"Classification of texts for the automatic detection of themes in a system of sorts out automatic of complaints"
U.F.R of the Sciences and Techniques, University of Rouen
Supervisors
M. Thierry PAQUET
Professor, University of Rouen France
and
M. Laurent HEUTTE
HDR, University of Rouen France
The post-sale service or the client service of an enterprise is solicited more and more by the clientele, through the intermediary of handwritten mail notably. In general, every mail includes the information that relate to a very specific theme and it is necessary to the enterprise, before the treatment of this mail, to regroup them by themes. Out the regrouping of this mail by human operators is very long and trying. The classification of this mail would be a big advantage.
The goal of the
project is to achieve a module of automatic classification of texts for the
detection of theme in a system of automatic sorting of the mail all coming.
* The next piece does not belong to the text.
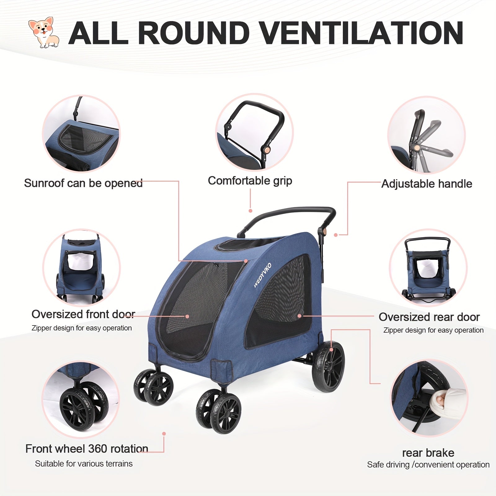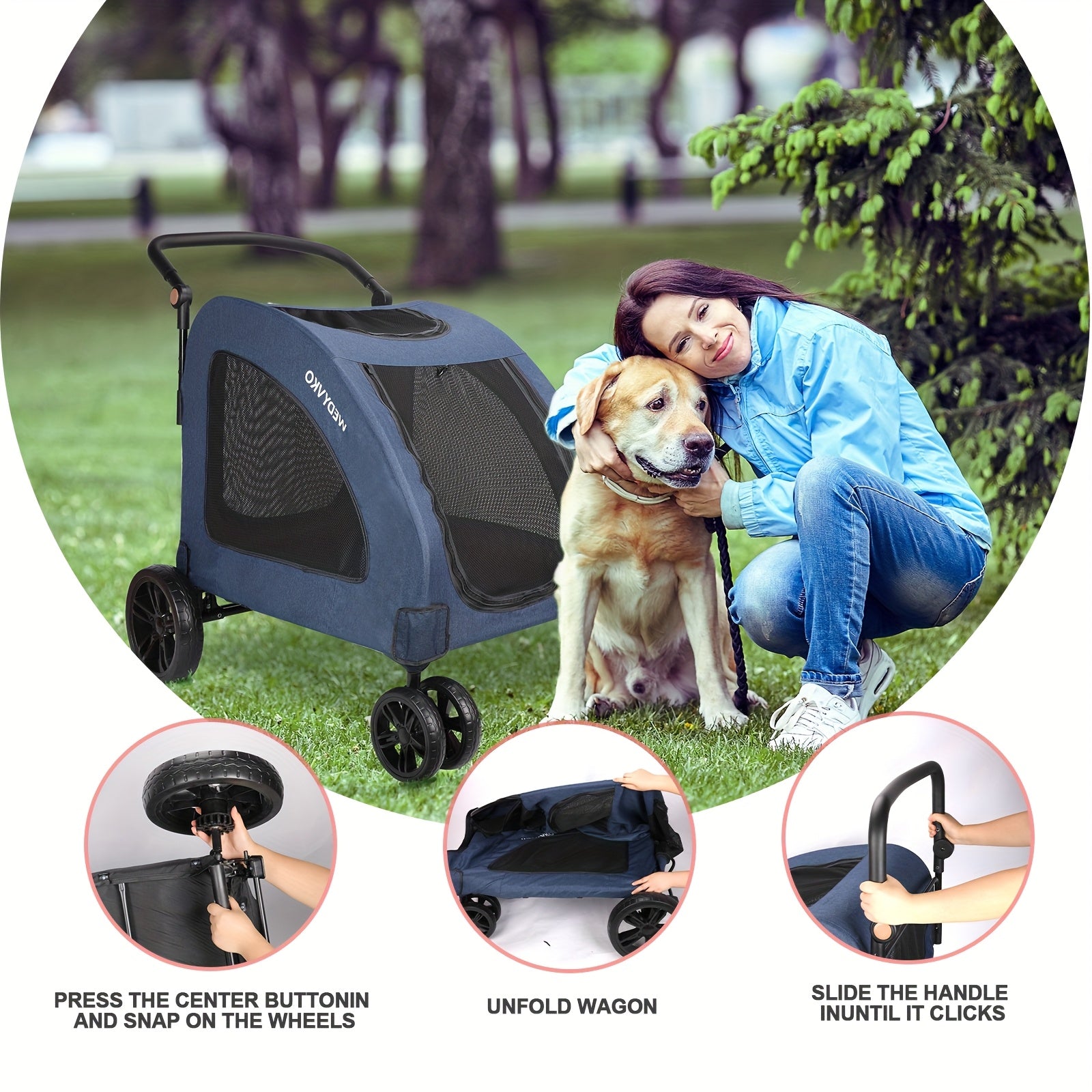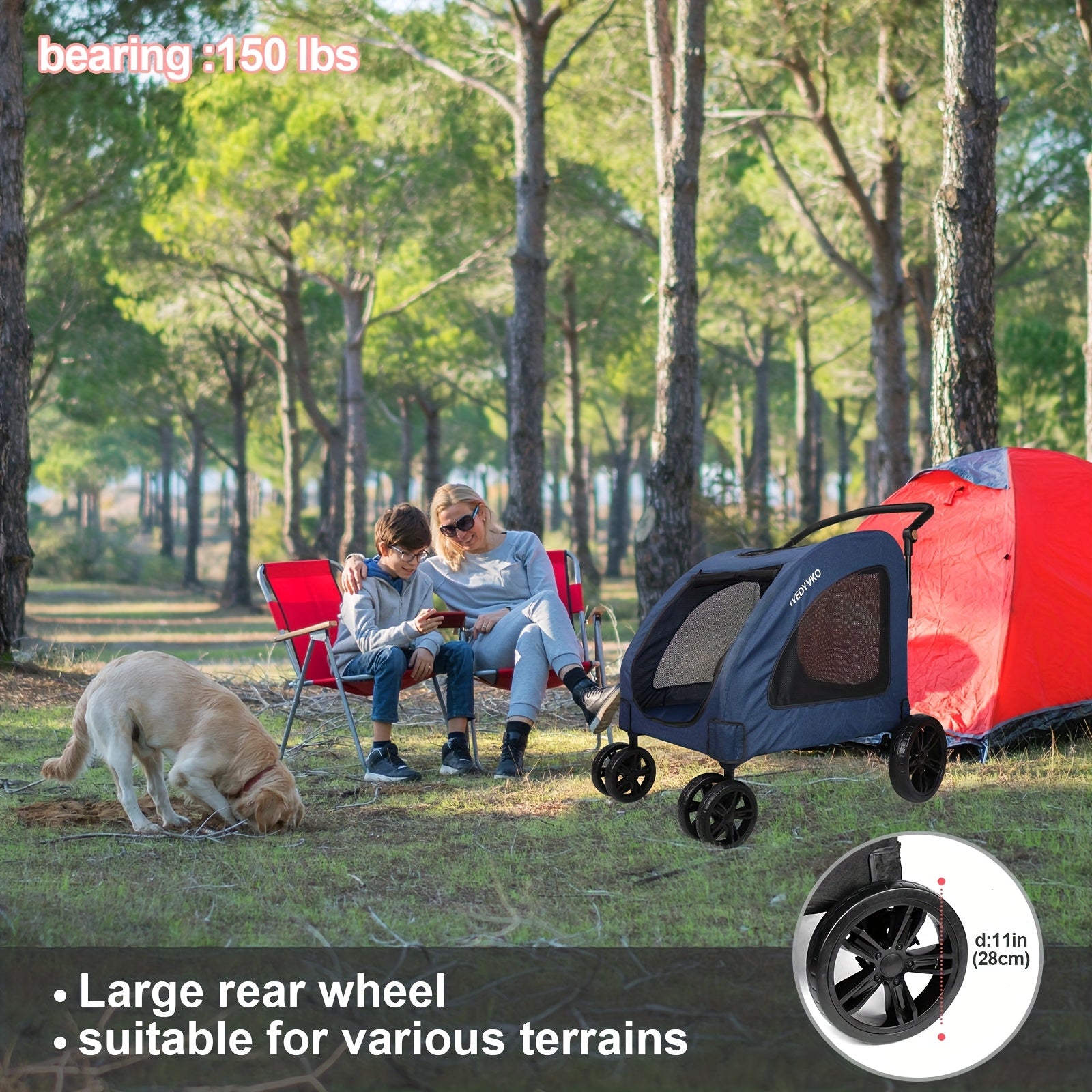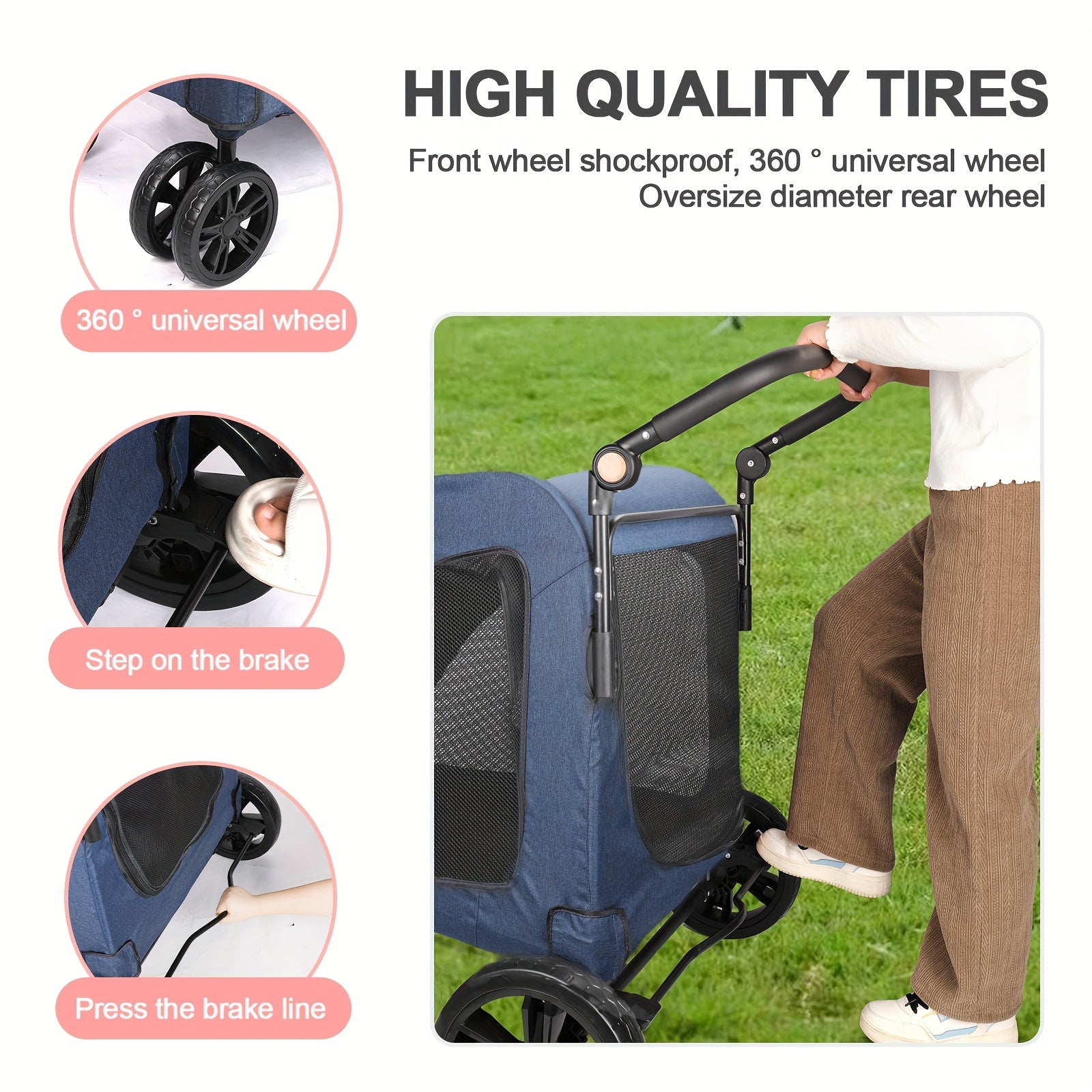 - All-terrain wheels roll smoothly over grass, gravel, sand, and uneven surfaces, maintaining traction and reducing effort so you can focus on your destination and companions.

In a
first stage, we will make a bibliographic survey on the existing methods of
treatment of information in general and in particular the methods of text
categorization. Then, we will study the system of labeling of SWT that we will
use to extract the documents that are going to serve to the training of our
classifier. The classifier that we will adopt, will not only be tested on the
basis of document of SWT but also on the basis of Reuters-21578 documents, that
is a free and available basis on the clean. We go in first time to consider the
vocabulary provided by SWT like space of characteristic. Then, we will apply
methods of extractions of feature on the documents to extract another vocabulary
that either more discriminating than the first.